**INFORMATION SHOWN**:
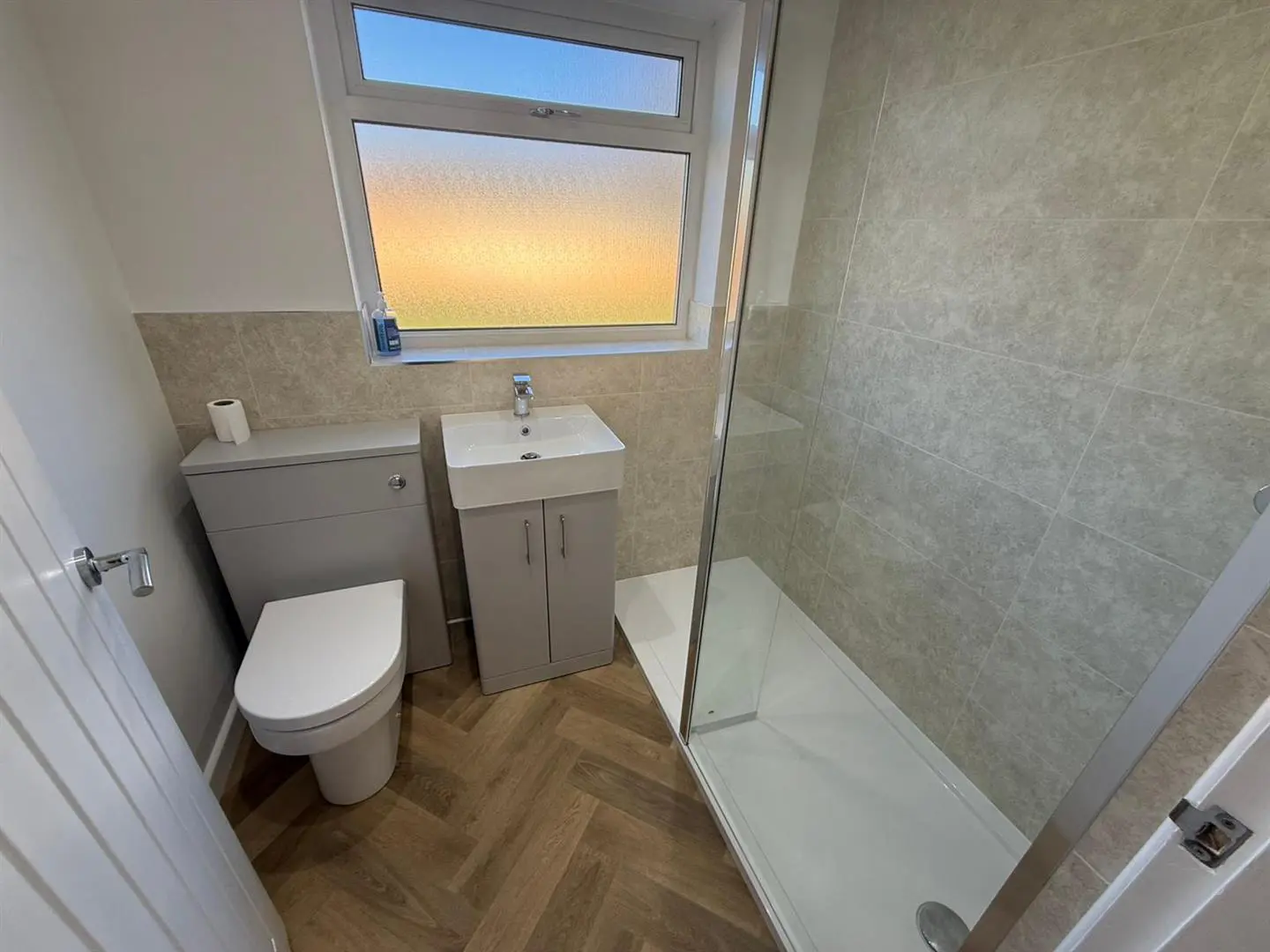 The new shower room is fitted with a modern and most contemporary suite comprising of a walk in shower cubicle, a wash handbasin inset into a vanity unit and a low level WC. The shower room benefits from stylish vinyl flooring, partially tiled walls and a UPVC double glazed window with privacy glass.
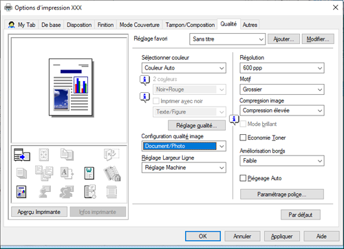 Sous [Réglage qualité d'image] de l'onglet [Qualité], sélectionnez le type de document à imprimer.
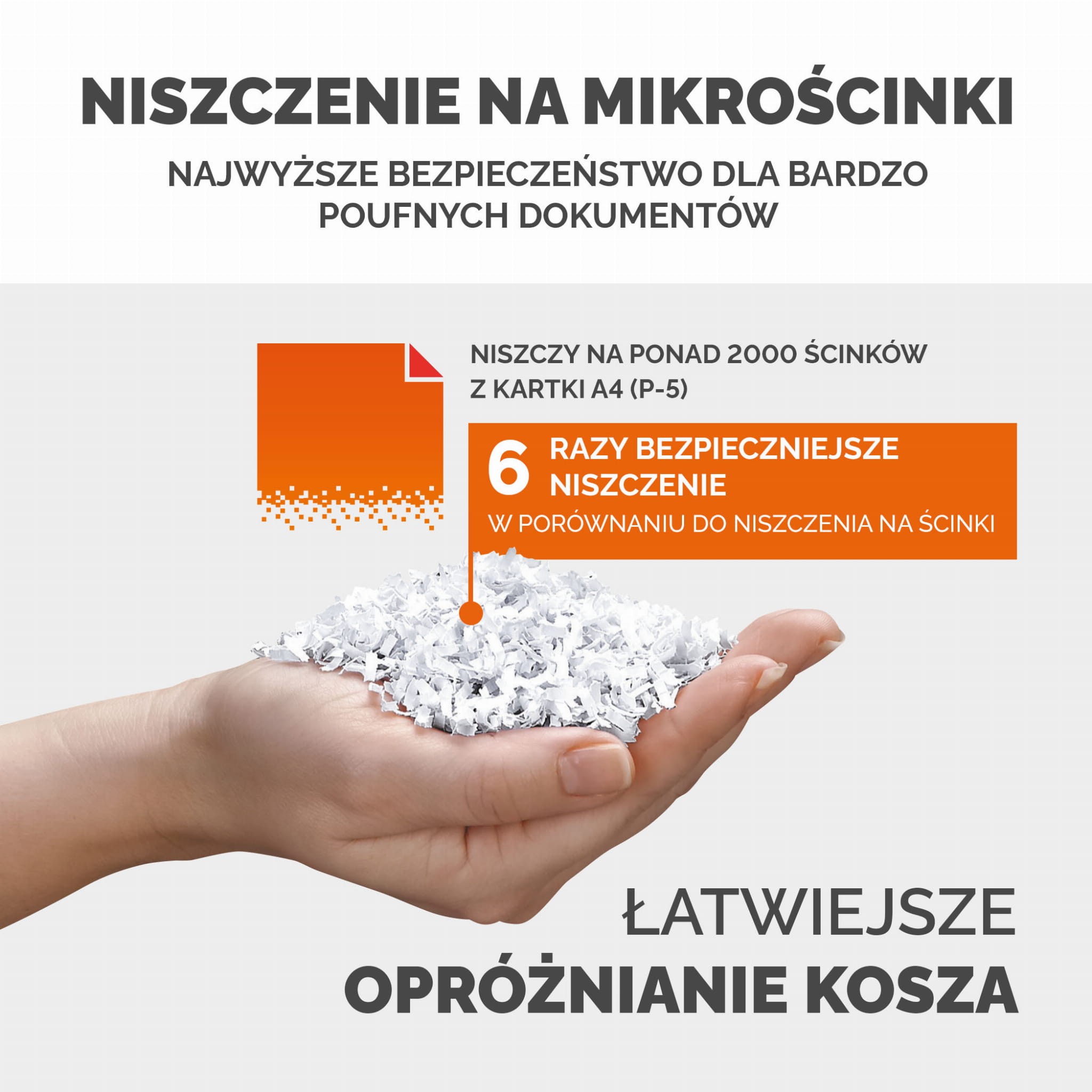 - Niszczy dokumenty na mikrościnki 2×14 mm zapewniając poziom bezpieczeństwa P-5 (wg normy DIN 66399).

**TASK TO COMPLETE**: Would you reproduce the listing above in full and exactly, without its pictures?

**ANSWER SECTION**:
 The new shower room is fitted with a modern and most contemporary suite comprising of a walk in shower cubicle, a wash handbasin inset into a vanity unit and a low level WC. The shower room benefits from stylish vinyl flooring, partially tiled walls and a UPVC double glazed window with privacy glass.
 Sous [Réglage qualité d'image] de l'onglet [Qualité], sélectionnez le type de document à imprimer.
 - Niszczy dokumenty na mikrościnki 2×14 mm zapewniając poziom bezpieczeństwa P-5 (wg normy DIN 66399).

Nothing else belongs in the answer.